The summit of Mount Titlis wasn't conquered until 1744, and until the first foreign mountaineers arrived, the most important thing about Engelberg was its ancient Benedictine monastery.

Engelberg means angel mountain, and the monastery got its name when two monks saw a host of angels while walking in the nearby meadows. The monastery gave its name to the village that grew up around it, and an angel remains the symbol of the surrounding town.

Burnt down in 1729 and rebuilt in splendid baroque style, Engelberg's monastery is an impressive piece of architecture, but it's a living community, not an empty museum. It has its own blacksmith and florist and a well-stocked cheese shop, where you can buy cheeses made in the monastery, and elsewhere. There's also an extensive library, with books dating back to the middle ages.

A school for painters and writers ever since its foundation in 1120, this monastery was always a centre for learning as well as worship, and it still doubles as a school today.
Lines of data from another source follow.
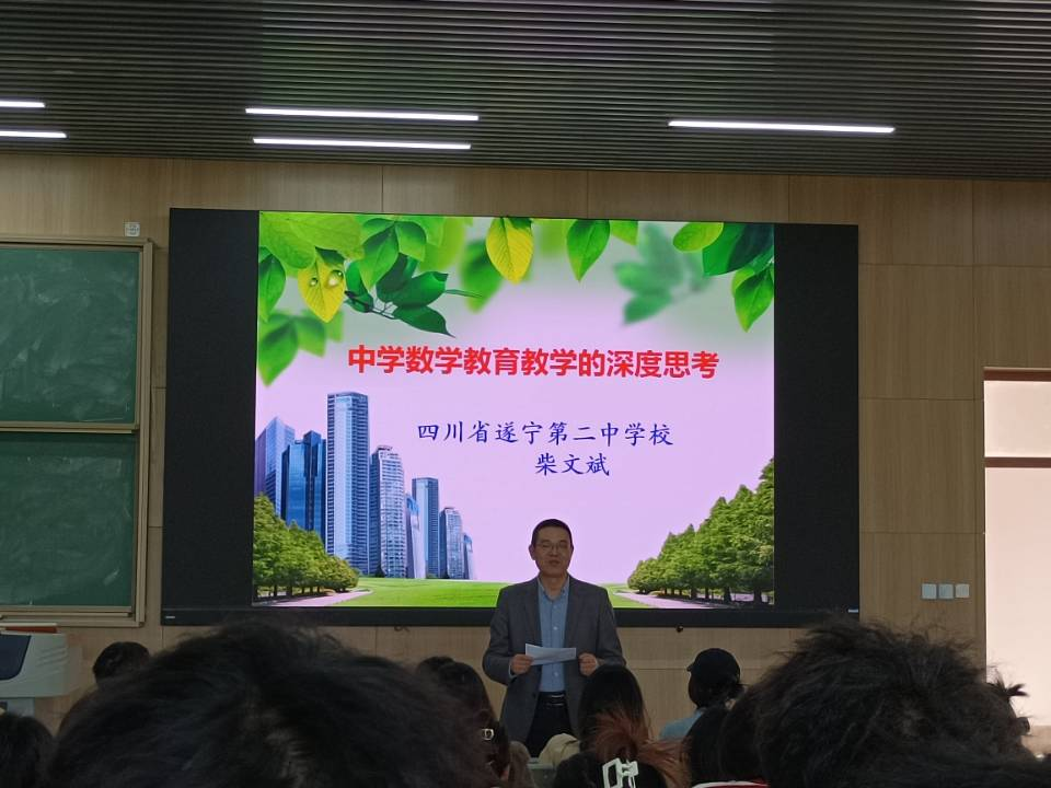 2023年10月20日下午2点整,遂宁市第二中学党委书记、中学数学正高级教师柴文斌在明德楼B区109为公司学子做了一场题为《中学数学公司产品的深度思考》专题讲座。本次讲座由数学与信息科学公司副经理刘熠教授主持。赵思林教授、熊露老师及2021级2班全体员工参加了此次讲座。
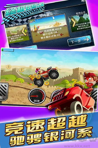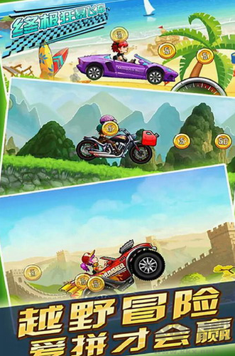 終極狂暴飛車是一款非常好玩有趣的賽車競速闖關(guān)類手機(jī)游戲,游戲采用卡通風(fēng)格打造而成,擁有精美細(xì)膩的游戲畫面,絢麗精致的游戲畫風(fēng)以及精彩多樣化的游戲玩法,帶給玩家極致的游戲體驗(yàn)!在這款游戲中玩家可以在布滿石塊的山地馳騁,也可以在滿地黃金的古墓探索;這里你可以領(lǐng)略祖國山水,快來下載游戲吧!
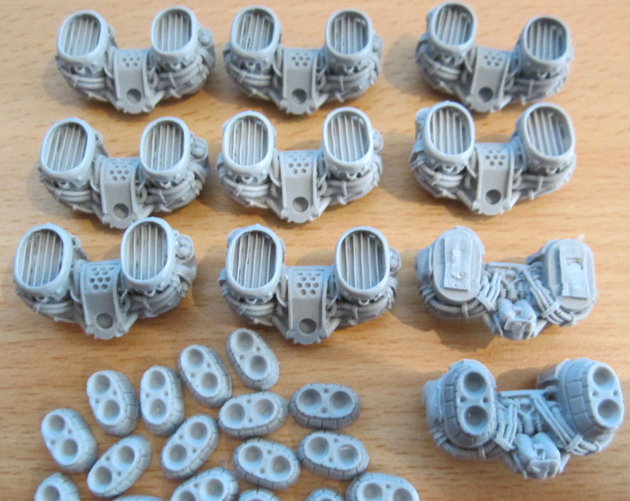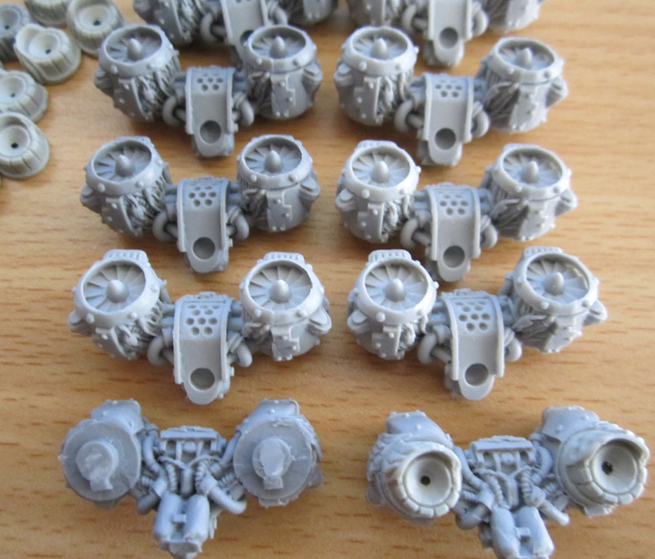 Finally, I grabbed a set of 10 of the Bronze Pattern Jump Packs. These don’t fit the old-school vibe in the exact same way as either of other the turbine-topped styles, but I thought the huge vented intakes looked pretty cool, so I again got a set of 10 to kit out a squad (of something TBD).
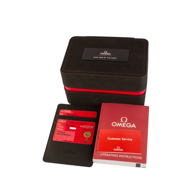 Pre-owned Omega Speedmaster ref 311.92.44.30.01.002 (2022) Dark Side of the Moon marries the distinct design elements of the Speedmaster Racing, Moon Watch, and Alinghi partnership onto one incredible wristwatch. The all-black design set is reminiscent of the far side of the Moon blanketed in darkness, featuring a black ceramic case, black rubber strap, and a black skeletonized dial. Ref. 311.92.44.30.01.002 also sports many typical Omega racing design elements, such as the checkered minute track, carbon fiber dial, and sporty red accents. Last but certainly not least is the watch’s Alinghi connection, which Omega has cleverly incorporated with a red Alinghi logo on the start/stop pusher and in the register at 6 o’clock. Additionally, the exposed parts of the movement visible through the skeleton dial are modeled after the hull of the ALINGHI TF35 catamaran.
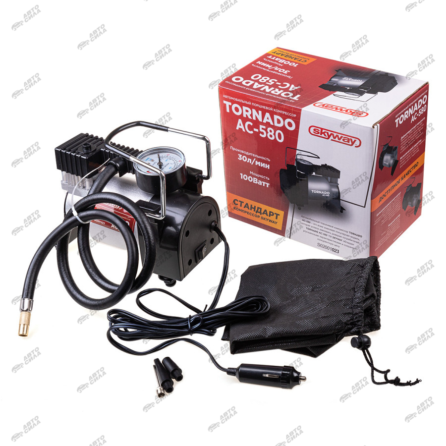 компрессор SKYWAY TORNADO АС-580 СТАНДАРТ (мет. 30л/мин, 7АТМ, 100ВТ, каб 3.8, шл 0,75) в прикуриватель, в сумке S02001023
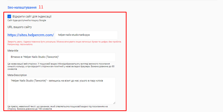 - Додайте назву вашої компанії в поле «Назва». Наприклад, Helper Nails Studio.
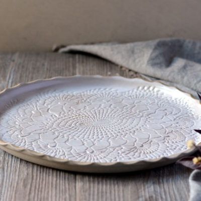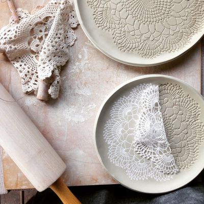 In questa esperienza di due ore attraverso la lavorazione a lastra realizzeremo un set di tre piattini impreziositi da texture date dall'impressione su porcellana di autentici merletti di Burano.
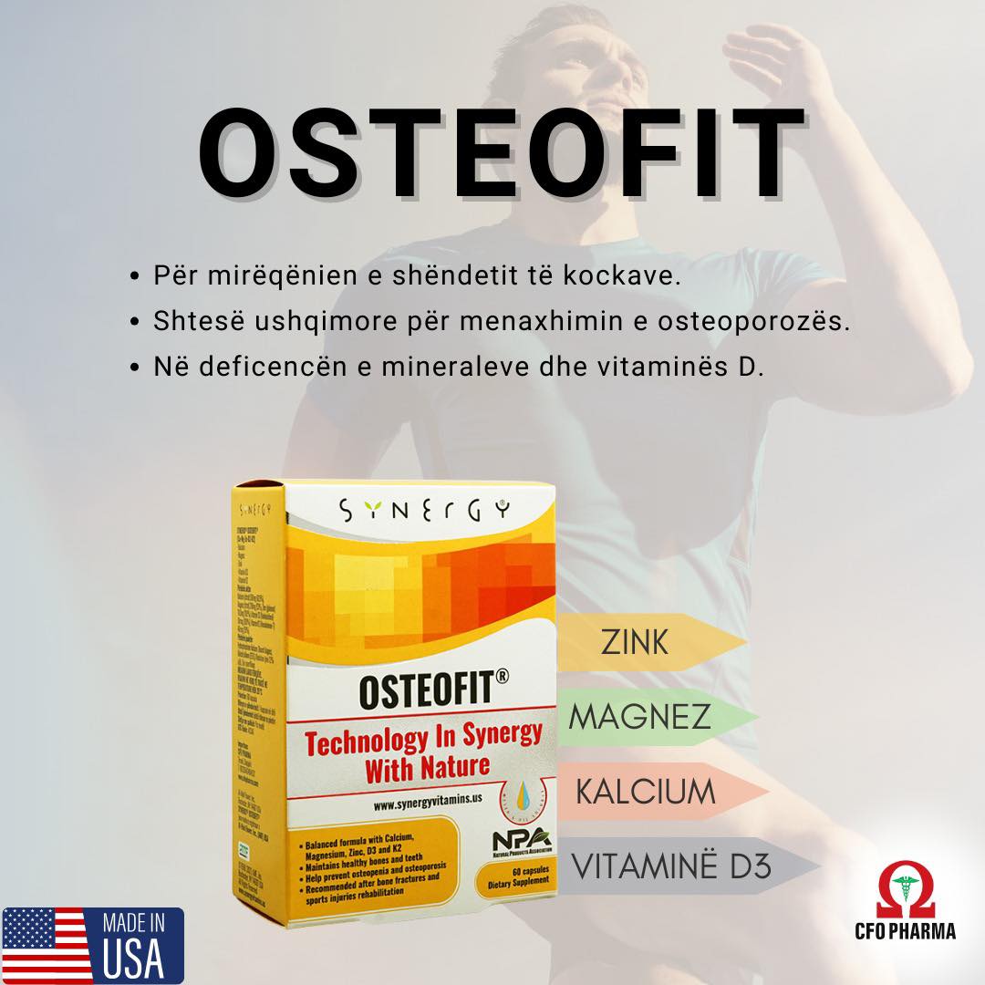 Osteofit (Ca-Mg-Zn-D3-K2) është një suplement ushqimor me vitamina dhe minerale të nevojshme për forcimin e kockave. Parandalon osteoporozën dhe frakturat. Kalçiumi, Magnezi dhe Vitamina D3, ndihmojnë në mirëmbajtjen e kockave dhe dhëmbëve, funksionin normal të sistemit imunitar, të muskujve dhe rritje të shëndetshme. Zinku mbron qelizat nga stresi oksidativ. Vitamina K ndihmon në koagulimin e gjakut.
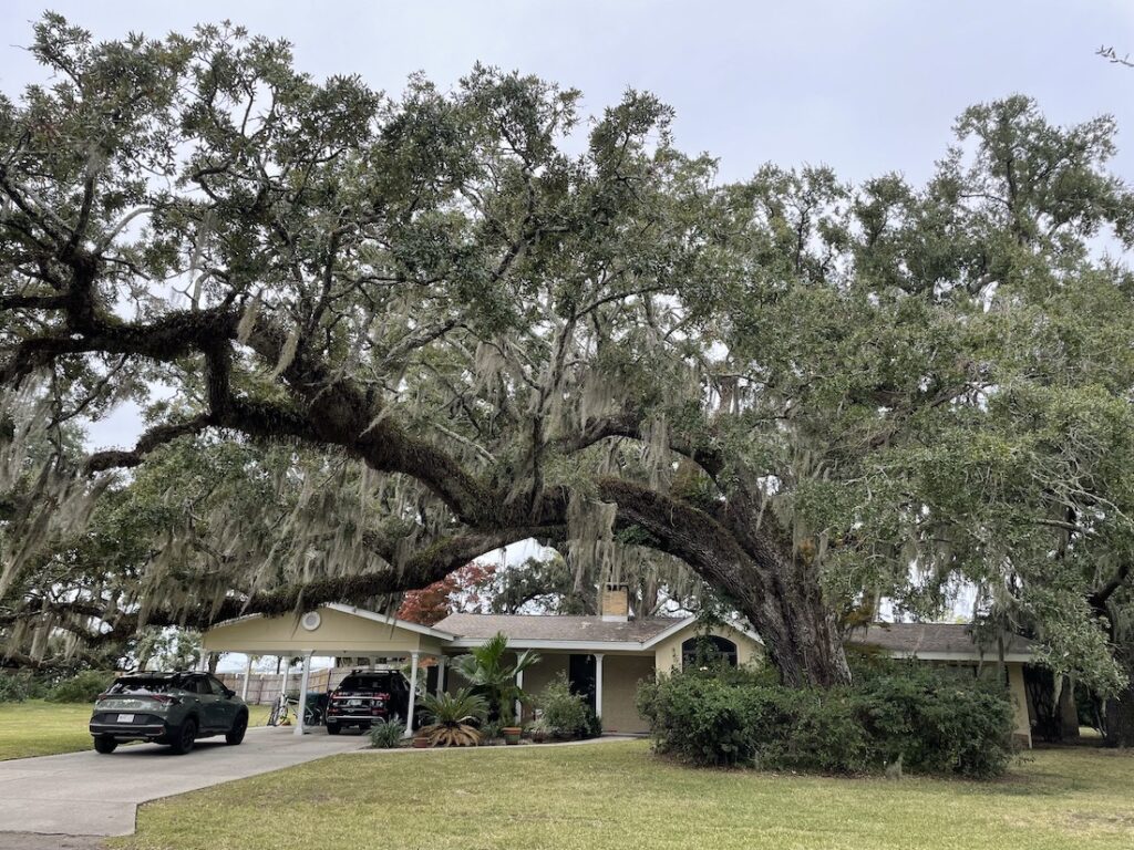There are many empty lots all along the Mississippi Gulf Coast thanks to Hurricane Katrina and its predecessors. At one time all of the lots had buildings on them including stately homes. The giant southern live oak and magnolia trees were part of the property. When the structures were destroyed, many of the trees remained.
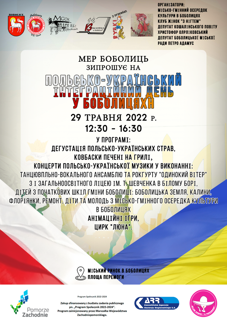 Burmistrz Bobolic wraz z organizatorami: Miejsko - Gminnym ośrodkiem Kultury w Bobolicach, Stowarzyszeniem ,,Klub Kobiet z Pazurem", Radnym Powiatowym Krzysztofem Orlikowskim, Radnym Rady Miejskiej w Bobolicach Piotrem Adamusem, Miejsko - Gminną Biblioteką Publiczną w Bobolicach oraz Kolami Gospodyń Wiejskich z Drzewian i z Kłanina serdecznie zapraszają na Integracyjny Dzień Polsko - Ukraiński w Bobolicach. W programie wiele atrakcji - potrawy Polsko - Ukraińskie, kiełbaski z grilla, koncerty muzyki Polskiej i Ukraińskiej, zabawy animacyjne i cyrk ,,LUNA".
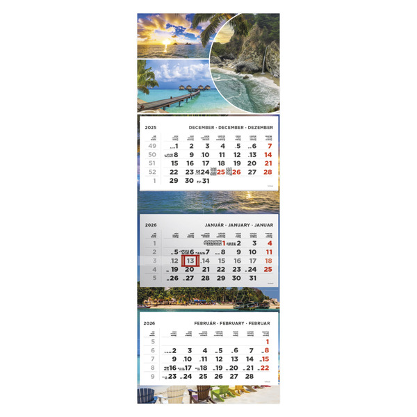 Top Timer Speditőr naptár T080 tűzött, 3 tömb - 3 hónap, 'Beach' fejjel, 2026.év
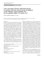 Letter concerning "Enzyme replacement therapy in a patient with Fabry disease and the development of IgE antibodies against agalsidase beta but not agalsidase alpha", by Tanaka et al.
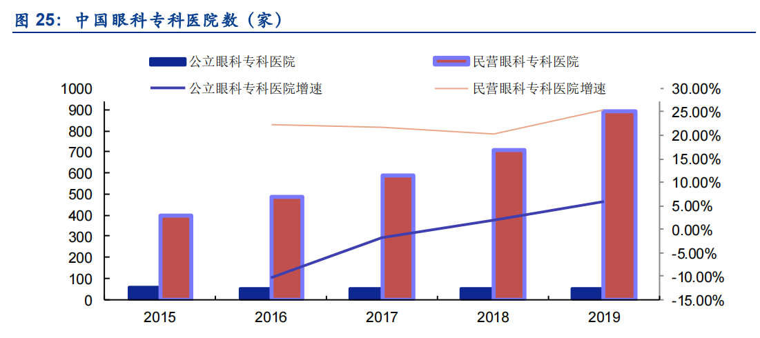 其中,民营眼科专科医院发展迅速,快速从2015年的397家增长至2019年的890家,年化复合增长率达到22.4%。
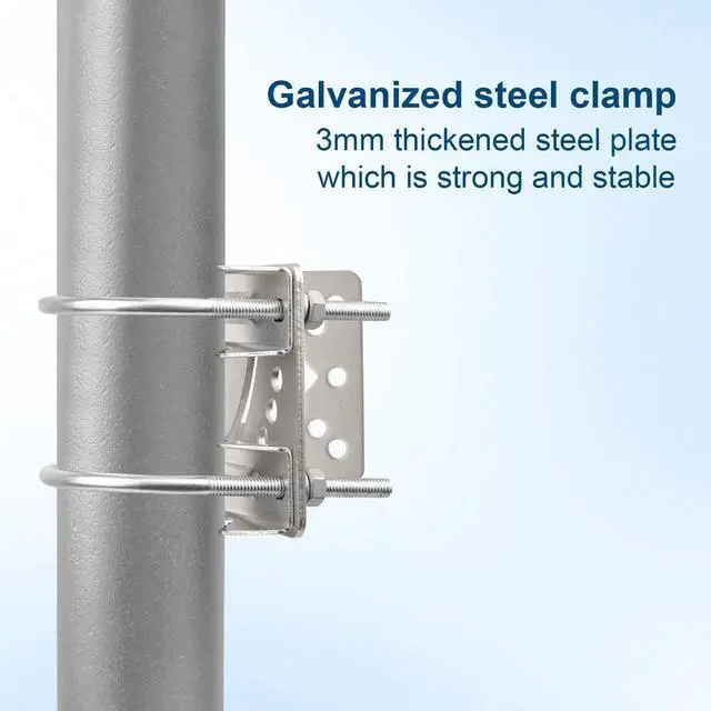 Heavy Duty -- The antenna pole bracket is made of 3 mm thick high quality galvanized steel, it can withstand harsh weather conditions, ensuring long-lasting performance. ^^ Adjustable Angle -- Antenna pole mount kits can adjust the installation angle to adapt to different angles of the room and plane. ^^ The whole set of accessories can be used for holding poles with diameters ranging from 1.1 to 1.97 in (30-50mm) ^^ Easy to install -- The antenna mast bracket comes with all necessary hardware and accessories, making installation quick and easy. ^^ This starlink pole mount can be installed on various locations such as rooftops and walls, providing users with versatile installation options.
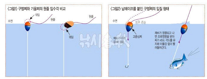 둘째, 납테이프를 부착하면 라인의 입수각도가 완만해져 이물감을 줄이고 채비를 더 쉽게 내릴 수 있습니다. 구멍찌의 옆면에 납테이프를 부착하면 찌가 자연스럽게 45도에서 60도 각도로 기울어져 반기울찌가 됩니다. 이렇게 되면, 원줄이 찌 구멍을 통과하는 각도가 둔각이 되어 라인의 입수가 빨라지고 목줄에 봉돌을 달지 않고도 깊은 수심까지 채비를 내릴 수 있습니다.
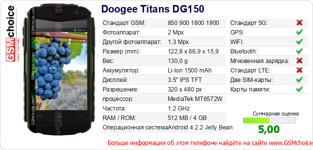 У Тебя есть свой сайт? Хочешь где-то разместить информацию о базовых данных мобильника Doogee Titans DG150 ? Это запросто устроить. Достаточно скачать картинку или скопировать и разместить на соответствующем сайте нижерасположенный код:Размещение этого кода вызовет появление нижерасположенной картинки:
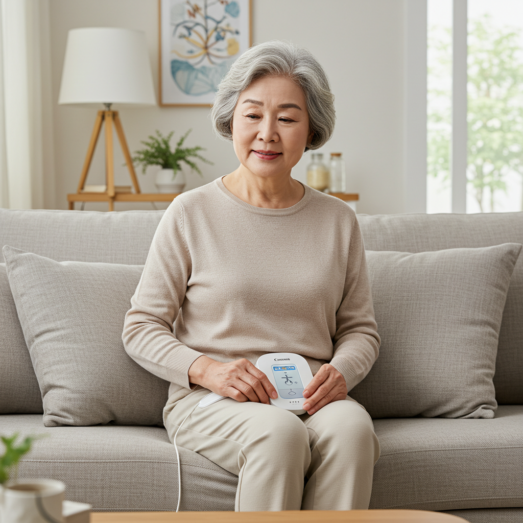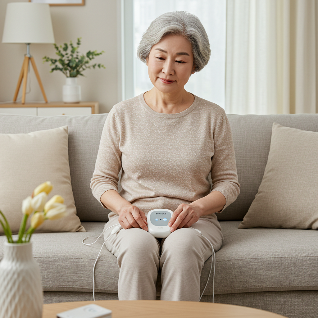 전기자극 치료기는 골반저근육을 직접 자극하여 수축력을 회복시키는 원리로, 특히 복압성 요실금에 효과가 좋습니다. 단, 심박조율기 착용자나 금속삽입물 보유자는 반드시 전문의 상담 후 사용해야 합니다.
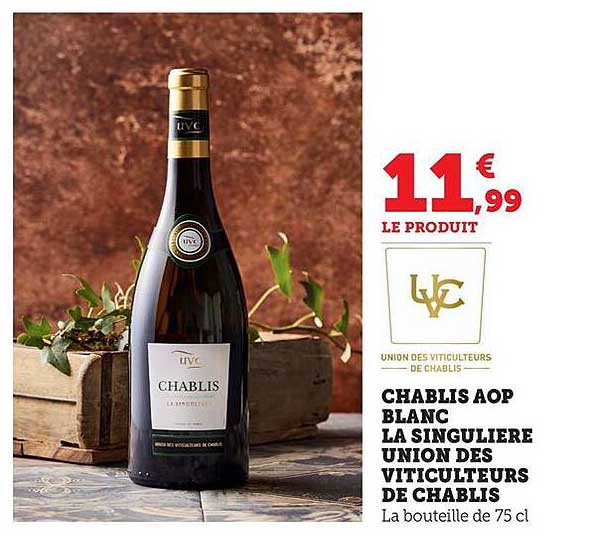 Découvrez dès maintenant la offre CHABLIS AOP BLANC - LA SINGULIERE UNION DES VITICULTEURS DE CHABLIS dans le catalogue de Maximarché. Cette offre est valable du 20/10/2025 au 26/10/2025.

Built around an ornate onion-domed chapel, with the biggest church organ in Switzerland, it's still home to 40 monks, but it's open to the public every day.

Until 1798, the Abbot of Engelberg was the ruler of the entire area - an independent bishopric answerable only to the Pope. More than 200 years after it became part of Switzerland, Engelberg still feels like a place apart, and this monastery is still the historic hub of this attractive little town.